Cook sees this issue as a “mental health gap.” Because of this gap, he said he wants to make mental health care available to kids who aren’t getting the support they need at home to grow up mentally healthy and strong.
“Most of my research is going to try to address the giant access gap that exists for kids that are not receiving mental health services,” said Cook, who has worked with schools around the country and is now narrowing his focus a bit to look at more Minnesota schools. “The vast majority of kids with mental health problems don’t receive needed services.”
Center of influence
No matter how far he’s come as an adult, Cook never forgets his own childhood.
“My childhood experiences gave me an interest in the discipline and structure of school and how we harness those benefits to help kids by promoting their mental health while they are at school,” Cook said.
He doesn’t blame poor parents for their children’s mental health problems: He understands firsthand about the struggles they are facing just to keep their heads above water. “Some of our work also focuses on mental health and dropout prevention,” he added, “on making sure that kids who are at risk like I was don’t fall through the cracks.”
In many communities, schools play a central role, Cook said. He tries to explain that key position to the teachers and administrators he works with when he talks about these evidence-based school-wide mental health programs.

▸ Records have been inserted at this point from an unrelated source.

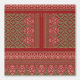 The design appears to be a traditional textile design. It features a symmetrical pattern with a central column and intricate borders on each side. The colour palette includes earthy tones like shades of red and brown, with detailed motifs in white and beige. The patterns consist of geometric shapes, diamond-like figures, and decorative elements that resemble floral designs.
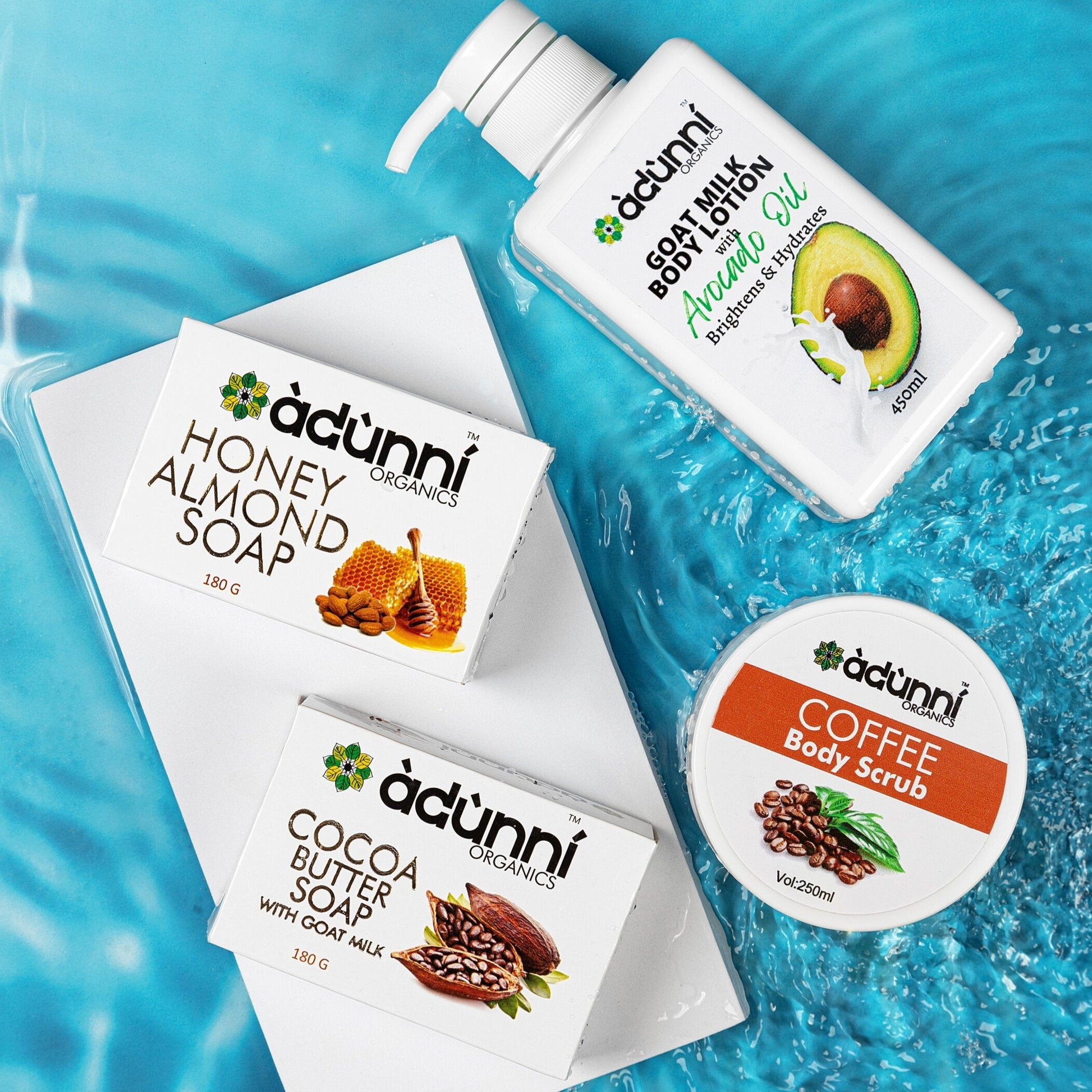 Body Glow Kit is a combination of Goat Milk Lotion, Honey Almond Soap, Cocoa Butter Soap, and Coffee Body Scrub. This kit will brighten the skin and polish it to a radiant SKIN GLOW.
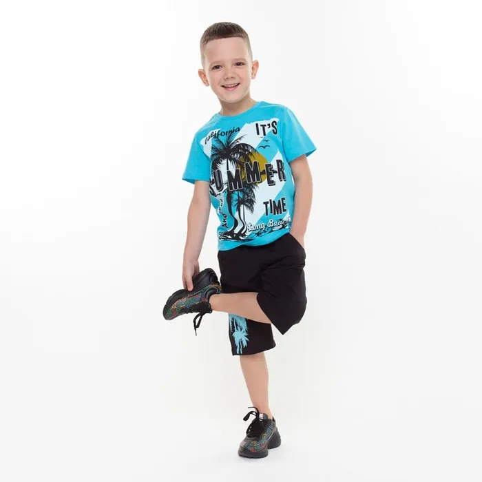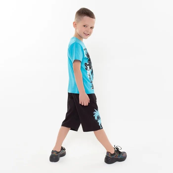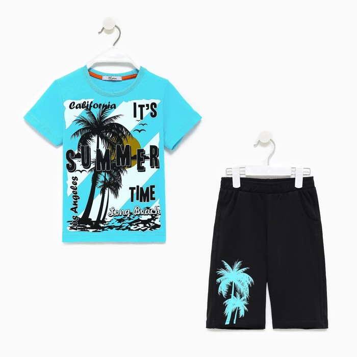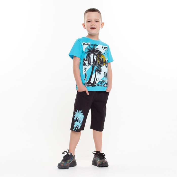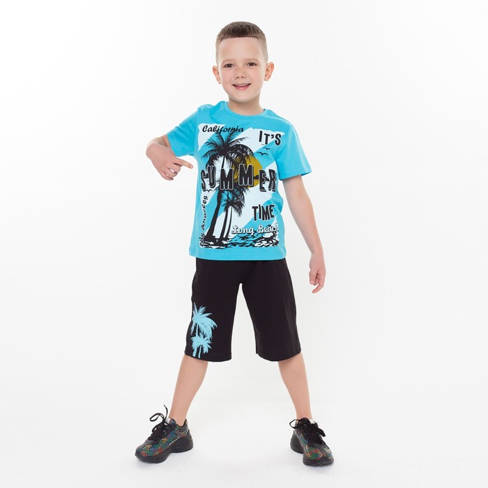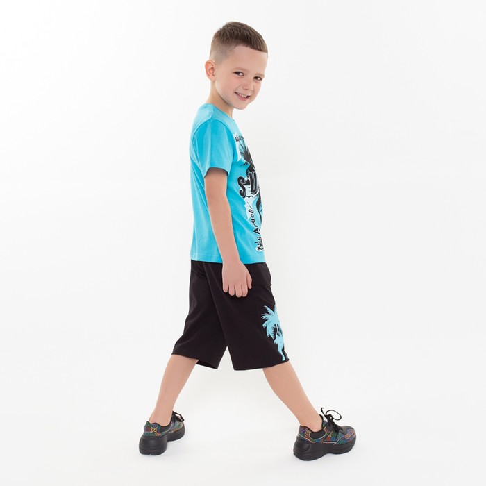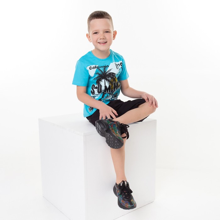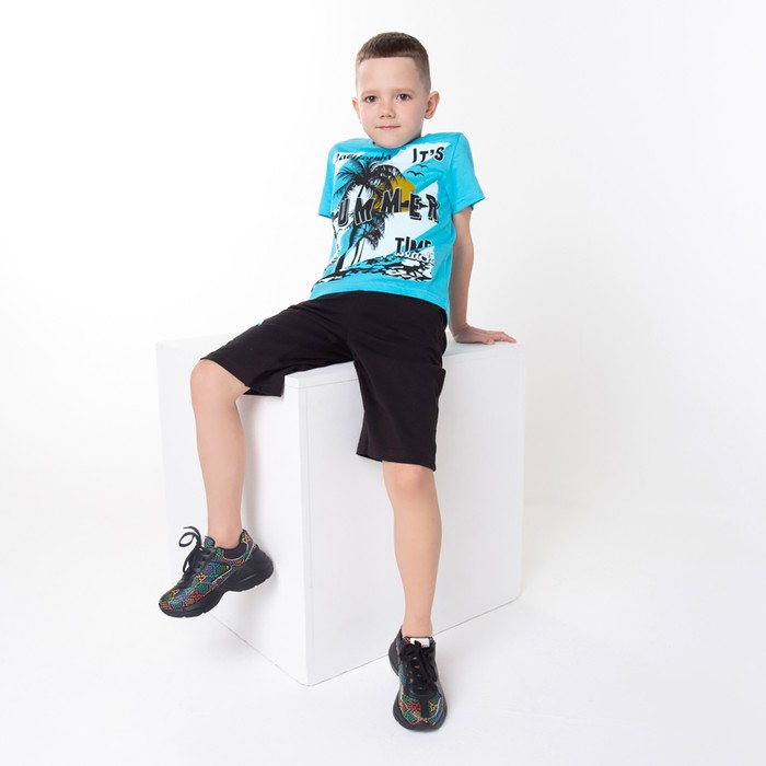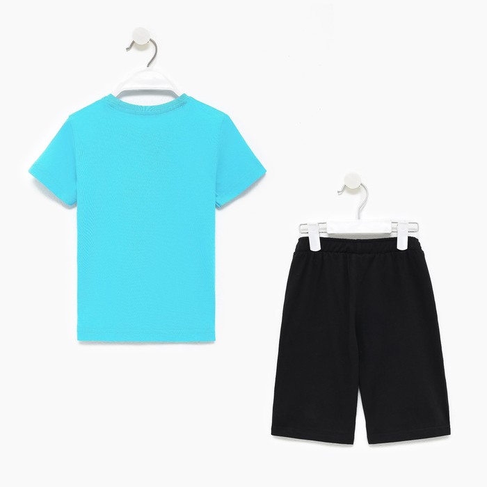 Комплект (футболка/шорты) для мальчика, цвет бирюзовый/чёрный, рост 128 — Характеристики
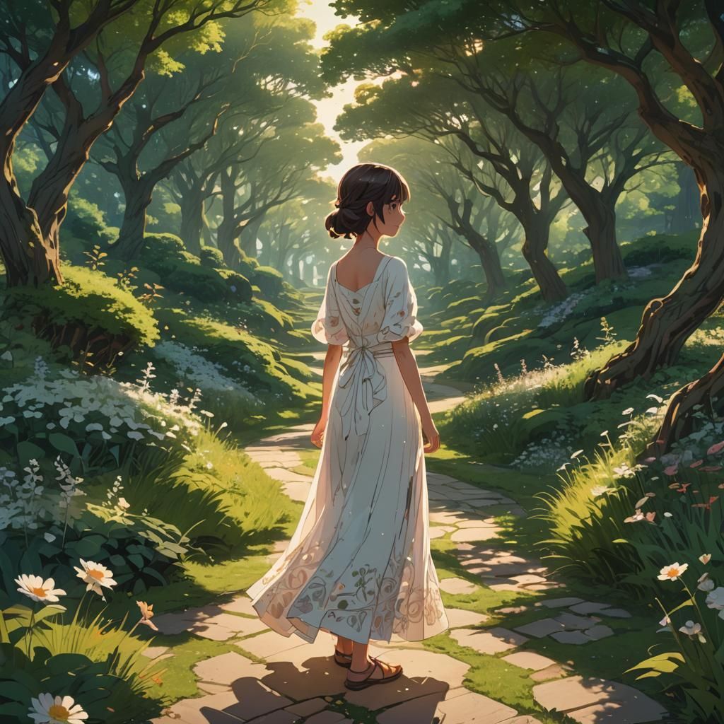 A cinematic image of a woman at a crossroads, deciding between two paths. The scene is bathed in the warm light of the setting sun, rendered as detailed 3D anime art.
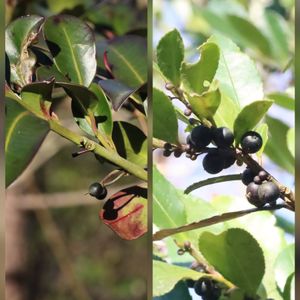 ①②姫榊(ひさかき)果実サカキ科 常緑小高木 果実は直径7mmほどの 球形で 黒紫色に熟す 雌雄異株 ③楤の木(たら)果実 直径約3mm ウコギ科 野鳥は好んで食す🎶
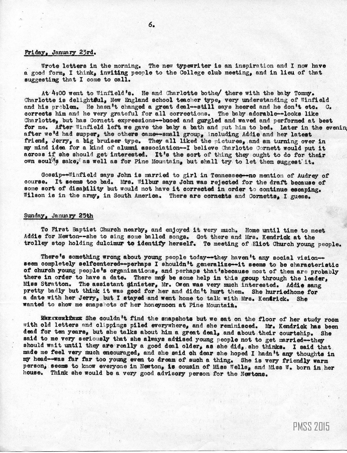 There’s something wrong about young people today — they haven’t any social vision — seem completely self-centered — perhaps I shouldn’t generalize — it seems to be characteristic of church young people’s organizations, and perhaps that’s because most of them are probably there in order to have a date. There may be some help in this group through the leader, Miss Stratton. The assistant minister, Mr. Owen, was very much interested. Addie sang pretty badly but think it was good for her and didn’t hurt them. She hurried home for a date with her Jerry, but I stayed and went home to talk with Mrs. Kendrick. She wanted to show me snapshots of her honeymoon at Pine Mountain.
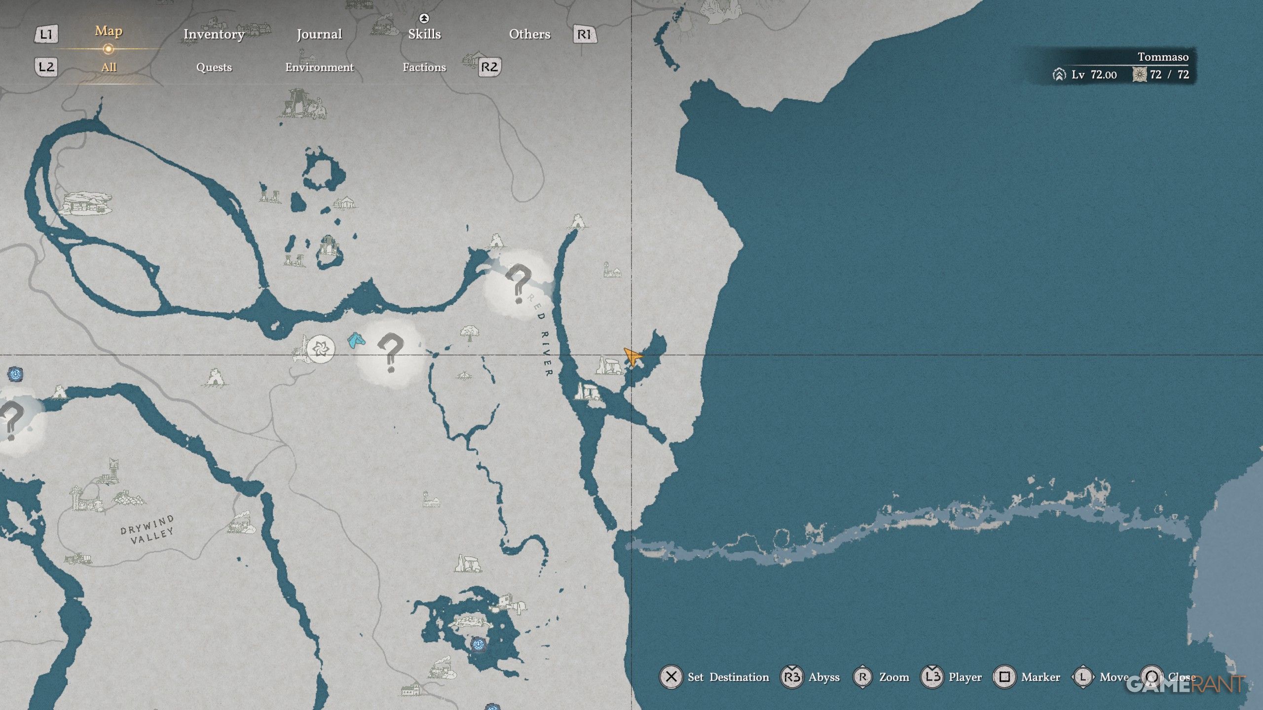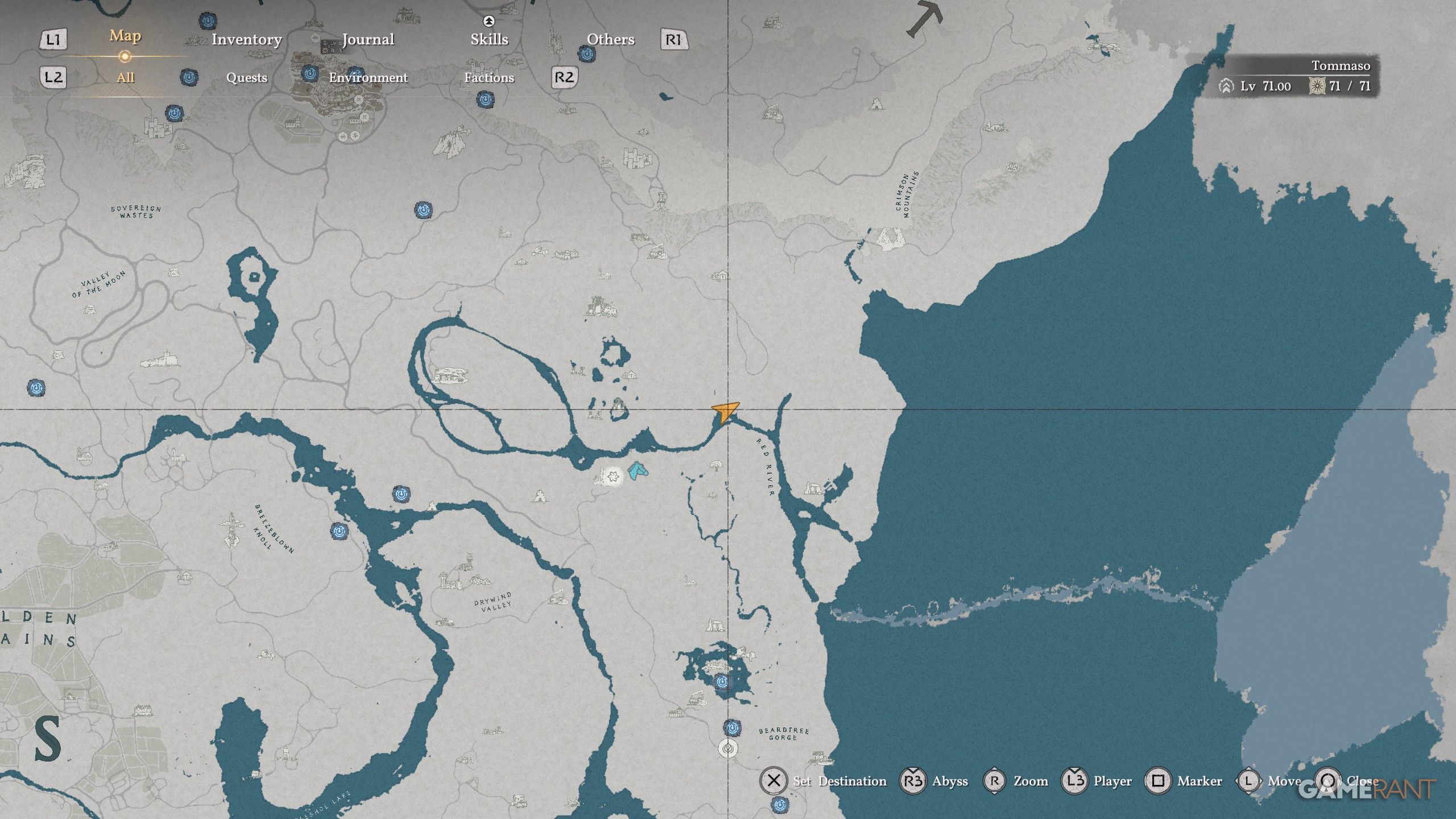 - At the halfway point of the waterfall’s edge, you can enter with Stab (R1+Triangle) to find a Treasure Chest with the Gloves.

“Too many kids aren’t getting the help they need from home supports alone,” Cook said. “Our focus is to try to harness the influence of the school, to improve the quality of mental health services that kids are able to access there. Broadly speaking, that is where my research and collaborative projects rest: in trying to close the mental health access gap. When we can address kids’ mental health needs in school, we create a much more level playing field.”